More or less the first thing that I did once Katydid was moved into the shed was to level and measure her. Together with the design offsets provided by Fairlie Restorations from the Fife archive I had enough information to compare Katydid as designed and Katydid as she is now. While the tables of offsets and raw measurements were adequate to confirm a few basic facts I decided to create CAD models of Katydid’s hullform in order to investigate how and to what extent there are differences. The whole process was, for me, amazingly illuminating. I really don’t think that I would have got very far at all in interpreting the history of Katydid’s hull form without the use of CAD. For those of a technical inclination I am using PolyCAD for this work.
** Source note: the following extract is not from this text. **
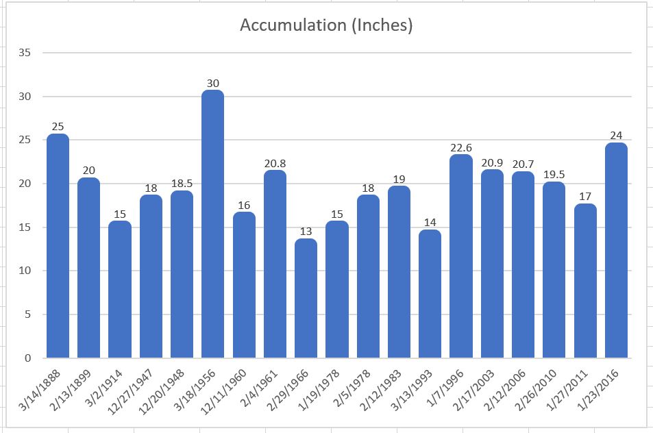 The largest snow accumulation in recent memory was the 26 inches on January 23, 2016. That storm was the 3rd largest dumping recorded in the area.

Katydid’s sheerline is a bit flat (and bumpy). The weight of the coach roof on the deck structures has nipped her in at the waist and paradoxically, lifted her sheerline amidships, contributing to her rather flat looking sheer. The damage that the running backstays have done to the beamshelf and frames where they attach also indicates that her hullform has been pulled about a fair bit over time. This photo, of Katydid on the water (probably in the 1970’s) gives a general impression of what she most recently looked like afloat.
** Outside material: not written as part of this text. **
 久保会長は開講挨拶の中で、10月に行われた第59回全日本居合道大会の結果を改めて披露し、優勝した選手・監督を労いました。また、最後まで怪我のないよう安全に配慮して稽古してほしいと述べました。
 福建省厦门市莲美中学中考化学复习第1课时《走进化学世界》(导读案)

(note that she is a bit fine in the stern and not really designed to carry weight in the cruising cockpit – hence the nose-up attitude)
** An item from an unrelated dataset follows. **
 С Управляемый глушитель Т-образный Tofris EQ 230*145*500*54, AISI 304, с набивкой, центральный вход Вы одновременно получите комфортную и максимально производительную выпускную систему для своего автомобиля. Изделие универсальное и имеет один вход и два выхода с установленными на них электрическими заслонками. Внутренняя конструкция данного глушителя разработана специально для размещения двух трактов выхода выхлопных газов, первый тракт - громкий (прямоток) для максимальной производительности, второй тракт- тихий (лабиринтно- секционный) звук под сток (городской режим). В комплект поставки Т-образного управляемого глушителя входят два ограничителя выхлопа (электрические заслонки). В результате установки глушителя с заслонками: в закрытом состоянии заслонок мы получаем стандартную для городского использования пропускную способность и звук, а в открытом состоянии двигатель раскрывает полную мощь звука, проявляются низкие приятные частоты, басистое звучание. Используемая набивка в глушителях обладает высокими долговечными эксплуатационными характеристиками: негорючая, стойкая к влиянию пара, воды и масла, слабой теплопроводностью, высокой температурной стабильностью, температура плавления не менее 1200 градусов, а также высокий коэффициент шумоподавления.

The datum that I used for measuring Katydid was her scribed waterline. This was (I foolishly thought) a reasonable assumption, particularly since there was no evidence that Katydid had ever been completely re-planked. Once the fact that there were two scribed waterlines on the hull had been sorted out (fortunately they are parallel and either side of the boot top) I dropped a perpendicular from the intersection of the scribed waterline with the front face of her stem (admittedly a bit of a movable feast) and laid out a grid to match the design offsets (11 stations at 1′ 8 1/2″ starting at the DWL/stem interface and waterlines at 6 25/32″ vertical intervals). The idea here was to collect the same measured data as was provided by the design offsets. Once loaded into a model I was presented with a profile that looked as follows.
(Measured lines are green)
The main points to note are
- The measured boat is longer than designed
- The measured forward sheer is lower than designed
- The measured stem and forward keel profile are fuller than designed
- The top face of the measured ballast keel is at a different angle to the designed top of ballast keel
For me, the key point was the last. After a small amount of thought it was clear that the scribed waterline does not coincide with the DWL – either in level or in attitude. So, I rotated the CAD model of the measured boat to align the top face of the ballast keel and re-aligned the front face of the stem with the design model (try doing this on the lofting floor!). This gave me something more useful.
The main (profile) differences remaining are
- The profiles of the ballast keels do not match
- The sheer profile of the measured boat is significantly flatter than the designed boat.
The second point is easily understood when you see the distortion of Katydid’s frames over time and her saggy deck.
Katydid was designed with a lead keel for which we have the displacement calculations but no detailed section data – the keel profile is the only design data available to suggest how it looked. May Kohn confirmed (from reading correspondence in the Scottish Maritime Museum) that the lead keel was removed during the first world war and replaced by a cast iron keel in the 1920’s.
When was the waterline scribed on at the present angle? Why did it not match the DWL? I could speculate that Katydid as built may have sat heavy at the bows but have no proof. Anyway, the fact that we are working with a cast iron keel that needs internal lead ballast to bring her down to her lines, means that we can restore her to float to her design lines.
To complete the hull-form analysis I produced a composite CAD model that included the present backbone structure, current ballast keel and as-designed sections and sheer profile. This defines the shape of the boat that we will restore – being very close to what was lofted in Fairlie in 1891. The main differences relate to getting a good fit between the ballast keel and the lower face of the wooden keel – which has a minor influence on the lower plank lines.
I suspect that we will be looking out for some scrap lead to use as internal ballast. Any offers?